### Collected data

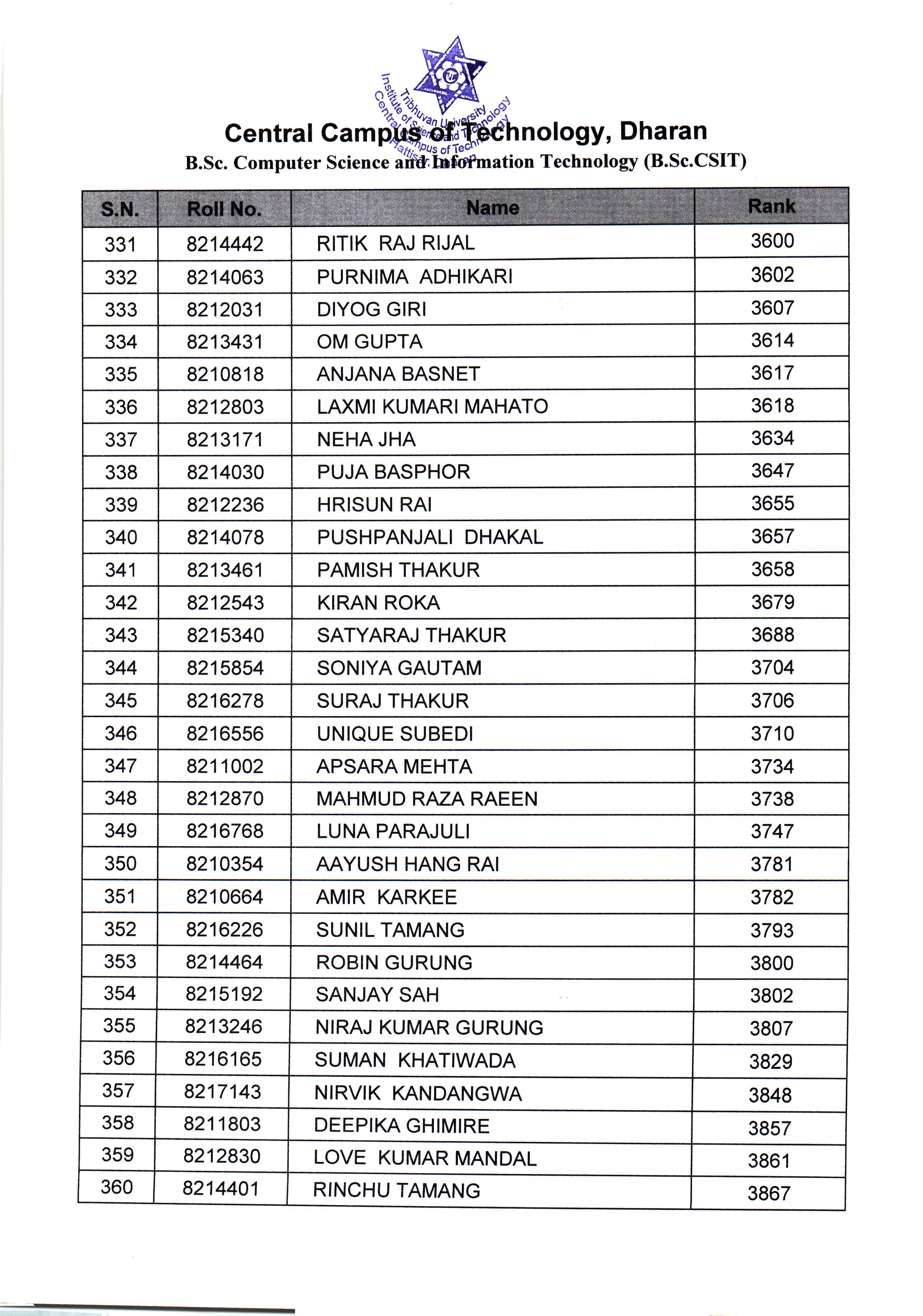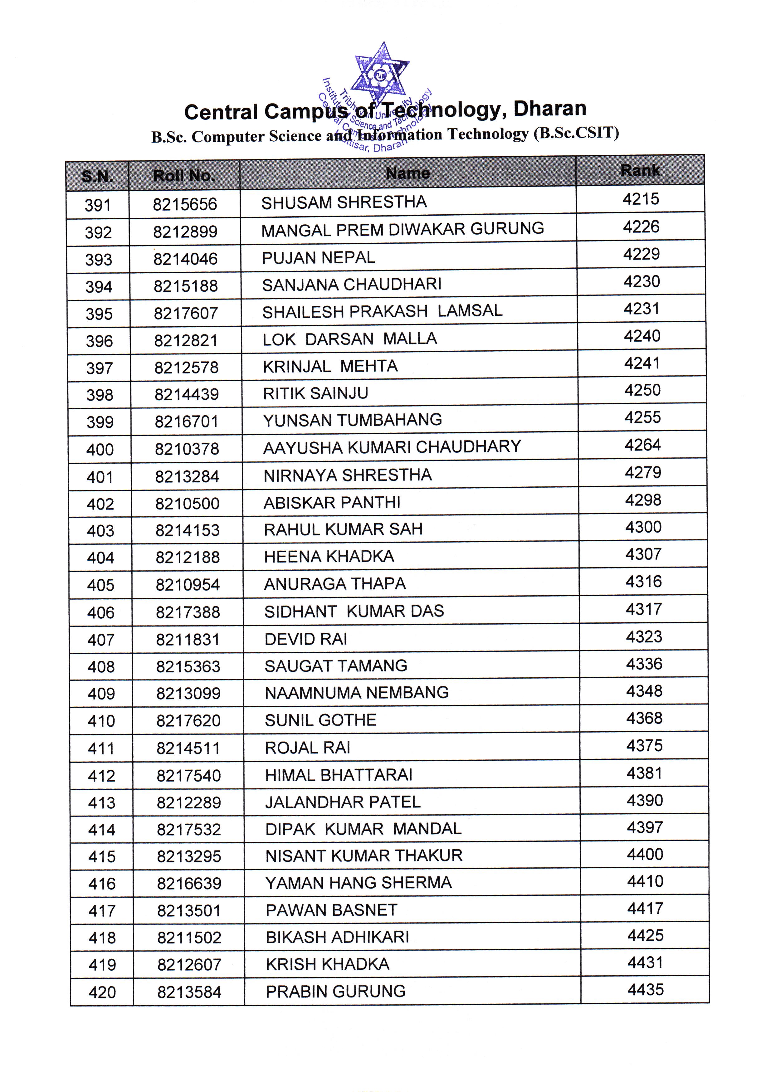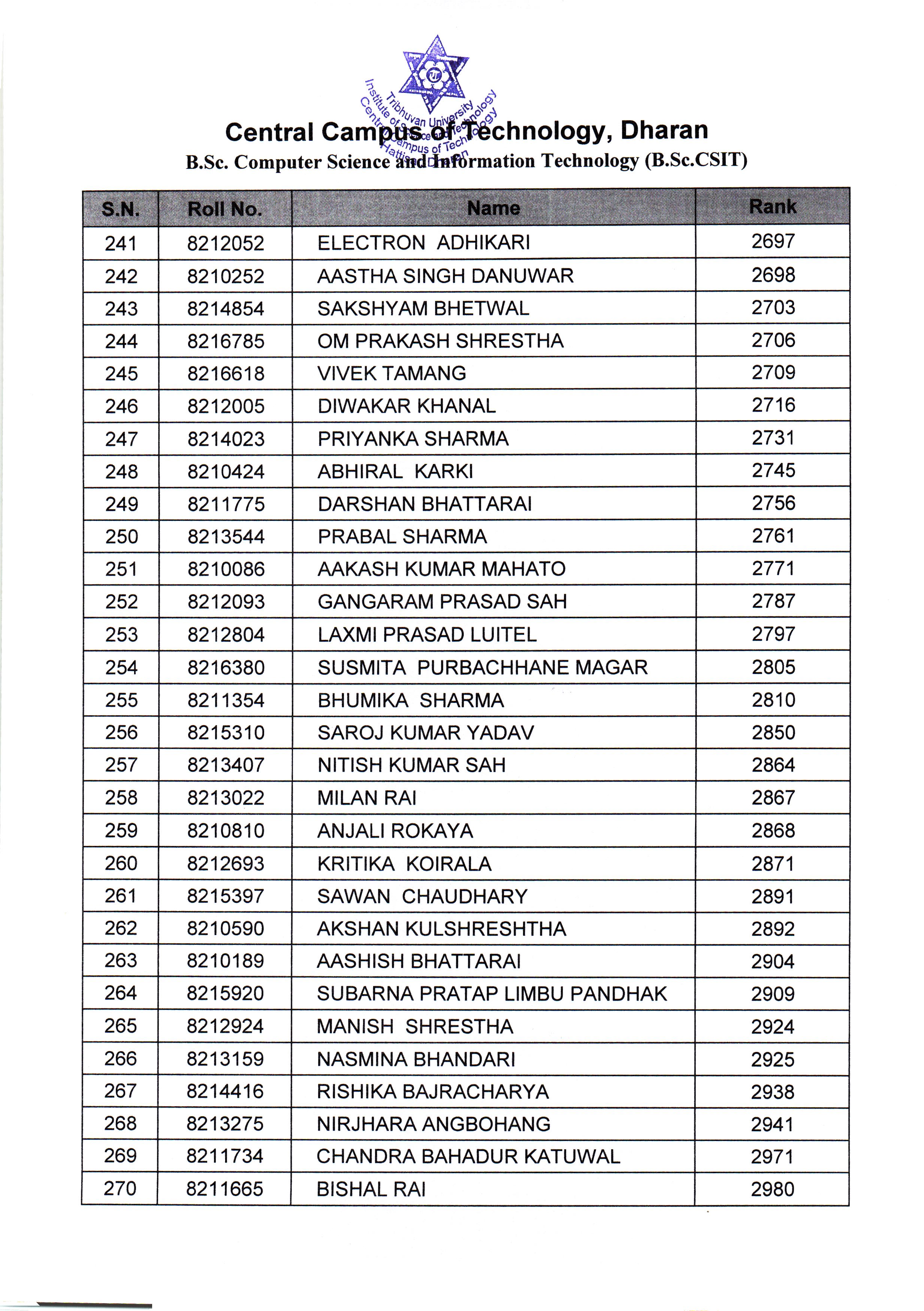 बि.एस्सी. सि.एस.आई.टी. (B.Sc. CSIT) प्रथम वर्ष प्रथम शत्रमा दोश्रो साथै आवश्कता अनुसारकोMerit List का लागि पूर्व–भर्ना (Pre-Admission) आवेदन फाराम भर्ने सम्बन्धी सूचना 2082
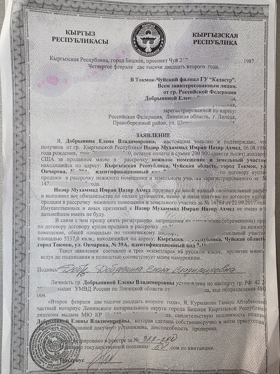 Сажжад Ахмед рассказал, что в 2017 году купили в городе Токмак здание вместе с участком у Виктора Финка — гражданина Германии, проживающего в Кыргызстане. Он оценил свое имущество в $300 тысяч, получил $100 тысяч с условием, что остаток будет выплачен в рассрочку. Продавец должен был освободить здание в течение 40 дней. Но позже он заявил покупателям, что уезжает на лечение в Германию, а освободит здание по возвращению в Кыргызстан.
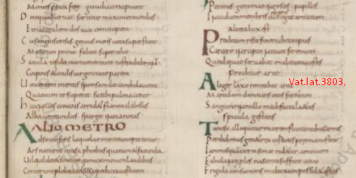 - Vat.lat.3803 (Upgraded to HQ), a ninth-century manuscript of the works of Ennodius of Pavia, a 6th-century bishop. Square format, two columns:
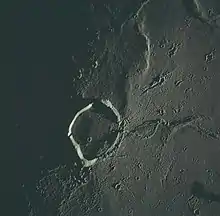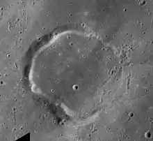 Wallace is the remains of a lunar impact crater that has been flooded by lava. It was named after British natural historian Alfred Russel Wallace.[1] It lies in the southeastern part of Mare Imbrium, to the northeast of the crater Eratosthenes. The crater rim forms a somewhat polygonal outline, and is broken in the southeast. The floor is flat and devoid of significant features, but it is overlain by ray material from Copernicus to the southwest. The rim ascends to an altitude of 0.4 km above the lunar mare.
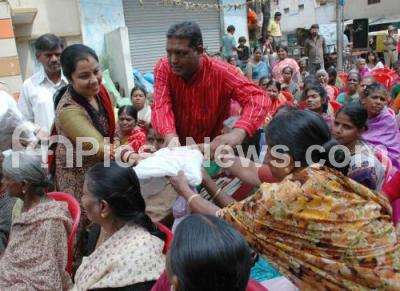 Photo Caption : Tara, Chairperson, Karnataka Film Academy distributing free Sarees and Sweets to poor women for Deepavali Festival, organized by Bharatinagar Residents Forum led by NS Ravi at Gangamma Temple, Coxtown, in Bangalore on Thursday 8th November 2012
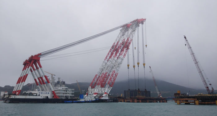 為該項(xiàng)目的主承建方——中鐵大橋局量身打造的3600噸浮式起重機(jī),由青島海西重機(jī)自主研發(fā)、設(shè)計(jì)、制造、安裝和調(diào)試,采用變幅式雙臂架結(jié)構(gòu),其起重重量為3600噸,最高起升高度110米,不僅減小了橋梁吊裝吊具結(jié)構(gòu),而且提高了橋梁吊裝的有效高度,極大地滿足了橋梁吊裝施工的要求,經(jīng)受住了現(xiàn)場(chǎng)惡劣海況的考驗(yàn),成為大橋建設(shè)“左膀右臂”,被用戶親切地稱為“海上建橋神器”。
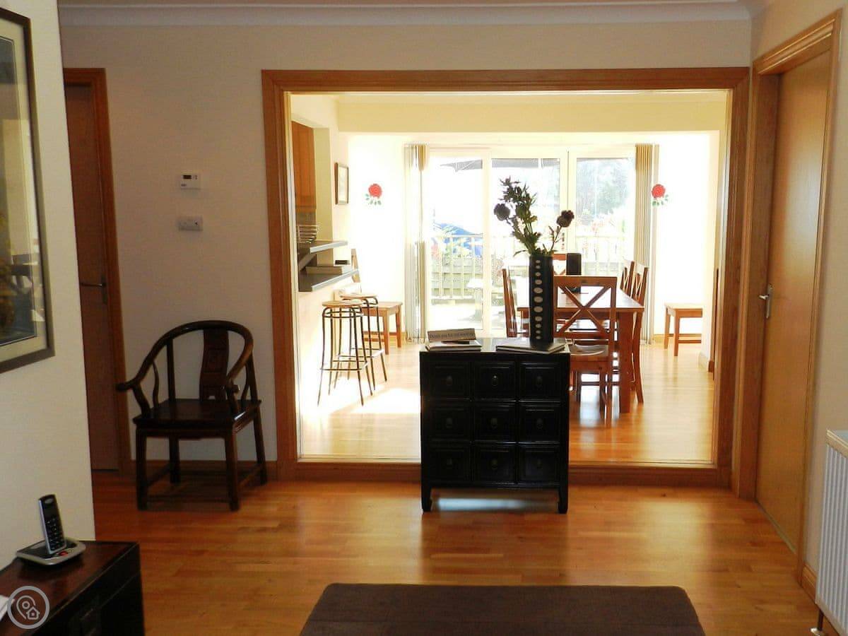 Cloy Lodge is a house in Brodick on Arran. It's detached. You're within two minutes of the Auchrannie Resort on foot. They've got swimming pools, a spa, and places to eat if you need them.
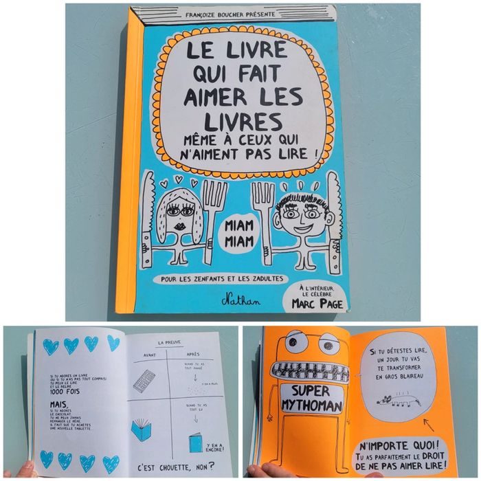 LE LIVRE QUI FAIT AIMER LES LIVRES MÊME À CEUX QUI N'AIMENT PAS LIRE 50 et quelques bonnes raisons d'aimer les livres ! - Des vraies raisons traités avec humour - Des fausses raisons, complètement loufoque ! Pour toute la famille, les enfants et les adultes, et en particulier pour ceux qui n'aiment pas lire ! Dès 8 ans. En très bon état Mes autres livres enfants : #livreenfantmooglou
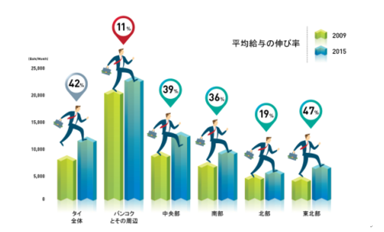 下記グラフはタイ地方別の平均給与の伸び率を比較したものです。

### Exercise
Every line of the records above should be reproduced exactly, with no pictures included.

### Response box
 बि.एस्सी. सि.एस.आई.टी. (B.Sc. CSIT) प्रथम वर्ष प्रथम शत्रमा दोश्रो साथै आवश्कता अनुसारकोMerit List का लागि पूर्व–भर्ना (Pre-Admission) आवेदन फाराम भर्ने सम्बन्धी सूचना 2082
 Сажжад Ахмед рассказал, что в 2017 году купили в городе Токмак здание вместе с участком у Виктора Финка — гражданина Германии, проживающего в Кыргызстане. Он оценил свое имущество в $300 тысяч, получил $100 тысяч с условием, что остаток будет выплачен в рассрочку. Продавец должен был освободить здание в течение 40 дней. Но позже он заявил покупателям, что уезжает на лечение в Германию, а освободит здание по возвращению в Кыргызстан.
 - Vat.lat.3803 (Upgraded to HQ), a ninth-century manuscript of the works of Ennodius of Pavia, a 6th-century bishop. Square format, two columns:
 Wallace is the remains of a lunar impact crater that has been flooded by lava. It was named after British natural historian Alfred Russel Wallace.[1] It lies in the southeastern part of Mare Imbrium, to the northeast of the crater Eratosthenes. The crater rim forms a somewhat polygonal outline, and is broken in the southeast. The floor is flat and devoid of significant features, but it is overlain by ray material from Copernicus to the southwest. The rim ascends to an altitude of 0.4 km above the lunar mare.
 Photo Caption : Tara, Chairperson, Karnataka Film Academy distributing free Sarees and Sweets to poor women for Deepavali Festival, organized by Bharatinagar Residents Forum led by NS Ravi at Gangamma Temple, Coxtown, in Bangalore on Thursday 8th November 2012
 為該項(xiàng)目的主承建方——中鐵大橋局量身打造的3600噸浮式起重機(jī),由青島海西重機(jī)自主研發(fā)、設(shè)計(jì)、制造、安裝和調(diào)試,采用變幅式雙臂架結(jié)構(gòu),其起重重量為3600噸,最高起升高度110米,不僅減小了橋梁吊裝吊具結(jié)構(gòu),而且提高了橋梁吊裝的有效高度,極大地滿足了橋梁吊裝施工的要求,經(jīng)受住了現(xiàn)場(chǎng)惡劣海況的考驗(yàn),成為大橋建設(shè)“左膀右臂”,被用戶親切地稱為“海上建橋神器”。
 Cloy Lodge is a house in Brodick on Arran. It's detached. You're within two minutes of the Auchrannie Resort on foot. They've got swimming pools, a spa, and places to eat if you need them.
 LE LIVRE QUI FAIT AIMER LES LIVRES MÊME À CEUX QUI N'AIMENT PAS LIRE 50 et quelques bonnes raisons d'aimer les livres ! - Des vraies raisons traités avec humour - Des fausses raisons, complètement loufoque ! Pour toute la famille, les enfants et les adultes, et en particulier pour ceux qui n'aiment pas lire ! Dès 8 ans. En très bon état Mes autres livres enfants : #livreenfantmooglou
 下記グラフはタイ地方別の平均給与の伸び率を比較したものです。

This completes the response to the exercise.